ASSIGNMENT:
Read through the records below and copy each line that uses the word "makes".

RECORD EXCERPTS:
=-=-=-=-=

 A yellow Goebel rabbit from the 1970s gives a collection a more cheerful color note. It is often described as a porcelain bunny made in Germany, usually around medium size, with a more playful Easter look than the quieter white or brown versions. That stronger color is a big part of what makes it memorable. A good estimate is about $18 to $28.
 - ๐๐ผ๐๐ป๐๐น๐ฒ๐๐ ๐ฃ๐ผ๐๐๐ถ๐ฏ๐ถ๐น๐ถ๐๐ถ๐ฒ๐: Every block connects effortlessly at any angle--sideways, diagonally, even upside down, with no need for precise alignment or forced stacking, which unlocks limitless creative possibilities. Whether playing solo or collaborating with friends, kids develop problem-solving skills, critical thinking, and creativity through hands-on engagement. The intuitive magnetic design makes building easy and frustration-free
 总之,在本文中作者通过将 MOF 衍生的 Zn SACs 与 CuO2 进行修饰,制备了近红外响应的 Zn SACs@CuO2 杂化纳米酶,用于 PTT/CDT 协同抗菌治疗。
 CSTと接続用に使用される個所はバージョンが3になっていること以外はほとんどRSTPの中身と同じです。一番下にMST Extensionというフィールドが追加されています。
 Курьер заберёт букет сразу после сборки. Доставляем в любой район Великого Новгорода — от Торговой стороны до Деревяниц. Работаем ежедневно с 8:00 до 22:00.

=-=-=-=-=

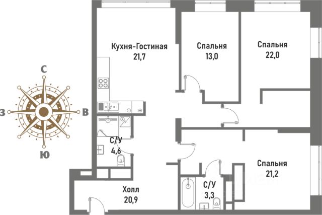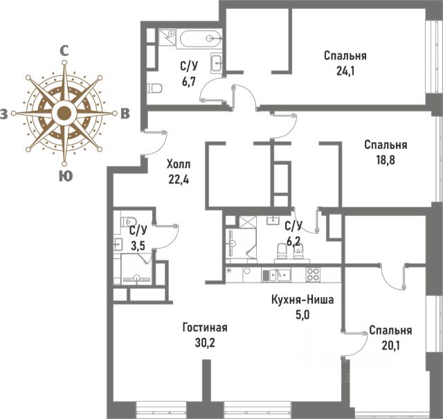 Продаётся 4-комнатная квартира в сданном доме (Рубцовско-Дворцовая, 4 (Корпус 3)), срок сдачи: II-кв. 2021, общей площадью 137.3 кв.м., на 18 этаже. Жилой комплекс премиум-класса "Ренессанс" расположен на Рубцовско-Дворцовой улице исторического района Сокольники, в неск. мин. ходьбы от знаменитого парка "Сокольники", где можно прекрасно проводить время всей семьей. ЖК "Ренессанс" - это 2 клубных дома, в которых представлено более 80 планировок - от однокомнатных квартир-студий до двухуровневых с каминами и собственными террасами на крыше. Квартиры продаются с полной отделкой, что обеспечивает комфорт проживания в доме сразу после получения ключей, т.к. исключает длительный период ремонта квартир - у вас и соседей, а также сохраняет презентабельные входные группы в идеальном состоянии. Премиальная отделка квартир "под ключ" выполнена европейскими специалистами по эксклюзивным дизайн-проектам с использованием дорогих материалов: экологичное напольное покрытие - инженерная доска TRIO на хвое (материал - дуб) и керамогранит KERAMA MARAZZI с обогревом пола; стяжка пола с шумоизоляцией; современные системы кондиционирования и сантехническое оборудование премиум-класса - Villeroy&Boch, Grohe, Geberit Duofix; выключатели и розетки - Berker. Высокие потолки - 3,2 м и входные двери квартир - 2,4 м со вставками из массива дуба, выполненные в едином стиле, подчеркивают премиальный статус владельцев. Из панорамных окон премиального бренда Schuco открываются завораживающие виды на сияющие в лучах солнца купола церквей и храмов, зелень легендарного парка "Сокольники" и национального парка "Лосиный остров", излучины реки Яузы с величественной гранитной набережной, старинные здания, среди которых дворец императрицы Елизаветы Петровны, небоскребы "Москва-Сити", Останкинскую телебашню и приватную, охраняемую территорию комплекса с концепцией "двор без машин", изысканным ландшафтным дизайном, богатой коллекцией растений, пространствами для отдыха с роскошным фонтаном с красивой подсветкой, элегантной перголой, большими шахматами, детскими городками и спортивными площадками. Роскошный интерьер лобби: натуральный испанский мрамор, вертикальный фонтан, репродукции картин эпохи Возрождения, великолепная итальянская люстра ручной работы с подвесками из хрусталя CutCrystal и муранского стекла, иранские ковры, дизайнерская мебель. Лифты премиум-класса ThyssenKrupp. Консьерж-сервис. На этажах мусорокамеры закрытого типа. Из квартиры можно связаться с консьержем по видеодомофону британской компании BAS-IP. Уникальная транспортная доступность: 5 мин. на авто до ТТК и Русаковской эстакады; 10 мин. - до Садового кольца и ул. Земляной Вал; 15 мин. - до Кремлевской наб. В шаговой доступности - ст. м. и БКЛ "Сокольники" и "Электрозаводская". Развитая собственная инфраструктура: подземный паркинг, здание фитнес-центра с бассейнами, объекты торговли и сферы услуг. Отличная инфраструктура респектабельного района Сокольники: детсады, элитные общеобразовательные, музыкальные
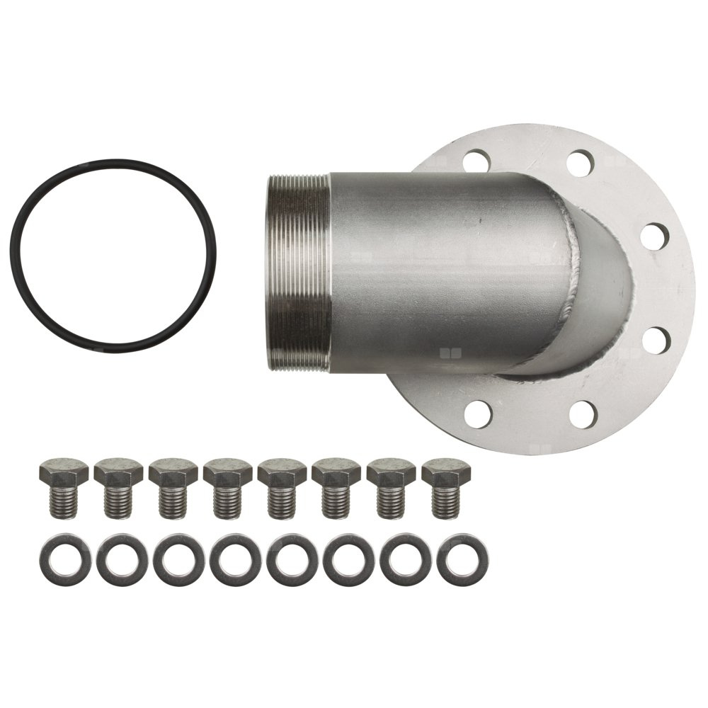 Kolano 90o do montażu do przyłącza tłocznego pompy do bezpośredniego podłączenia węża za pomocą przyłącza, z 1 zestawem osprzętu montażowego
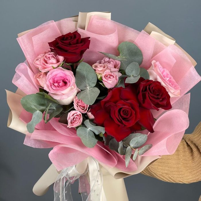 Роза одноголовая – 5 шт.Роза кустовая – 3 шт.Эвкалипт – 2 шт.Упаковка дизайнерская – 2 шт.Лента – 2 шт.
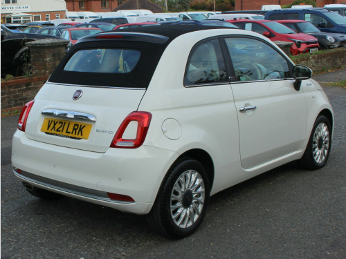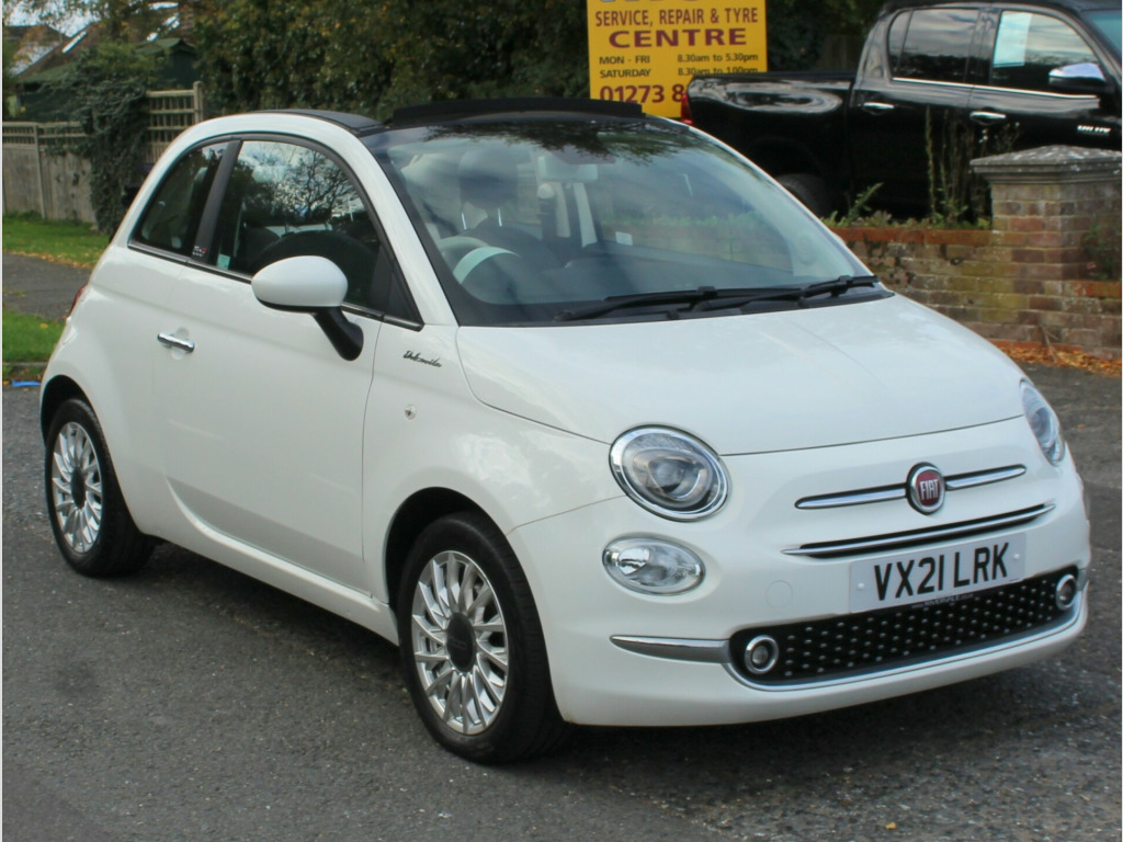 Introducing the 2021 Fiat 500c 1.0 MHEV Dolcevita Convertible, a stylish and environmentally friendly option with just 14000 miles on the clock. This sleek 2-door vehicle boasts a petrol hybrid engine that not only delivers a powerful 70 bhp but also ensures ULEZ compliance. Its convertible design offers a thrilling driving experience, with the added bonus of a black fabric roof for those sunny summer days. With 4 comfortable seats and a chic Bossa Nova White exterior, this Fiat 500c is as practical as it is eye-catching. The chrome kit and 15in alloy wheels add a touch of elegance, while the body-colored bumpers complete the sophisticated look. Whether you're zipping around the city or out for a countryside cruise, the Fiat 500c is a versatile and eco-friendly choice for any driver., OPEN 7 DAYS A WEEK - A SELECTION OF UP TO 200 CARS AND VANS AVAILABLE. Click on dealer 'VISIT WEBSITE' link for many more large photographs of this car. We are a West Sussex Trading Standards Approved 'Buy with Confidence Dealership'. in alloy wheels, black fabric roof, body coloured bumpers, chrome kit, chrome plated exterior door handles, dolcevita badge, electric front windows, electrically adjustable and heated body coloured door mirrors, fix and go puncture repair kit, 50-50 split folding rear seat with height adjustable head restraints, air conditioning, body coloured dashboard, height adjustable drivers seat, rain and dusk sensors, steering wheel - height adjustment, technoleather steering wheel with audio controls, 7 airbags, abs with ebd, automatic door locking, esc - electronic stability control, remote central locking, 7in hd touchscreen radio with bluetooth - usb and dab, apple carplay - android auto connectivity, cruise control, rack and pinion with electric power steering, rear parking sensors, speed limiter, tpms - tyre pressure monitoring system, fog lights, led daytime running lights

=-=-=-=-=

REPLY:
 A yellow Goebel rabbit from the 1970s gives a collection a more cheerful color note. It is often described as a porcelain bunny made in Germany, usually around medium size, with a more playful Easter look than the quieter white or brown versions. That stronger color is a big part of what makes it memorable. A good estimate is about $18 to $28.
 - ๐๐ผ๐๐ป๐๐น๐ฒ๐๐ ๐ฃ๐ผ๐๐๐ถ๐ฏ๐ถ๐น๐ถ๐๐ถ๐ฒ๐: Every block connects effortlessly at any angle--sideways, diagonally, even upside down, with no need for precise alignment or forced stacking, which unlocks limitless creative possibilities. Whether playing solo or collaborating with friends, kids develop problem-solving skills, critical thinking, and creativity through hands-on engagement. The intuitive magnetic design makes building easy and frustration-free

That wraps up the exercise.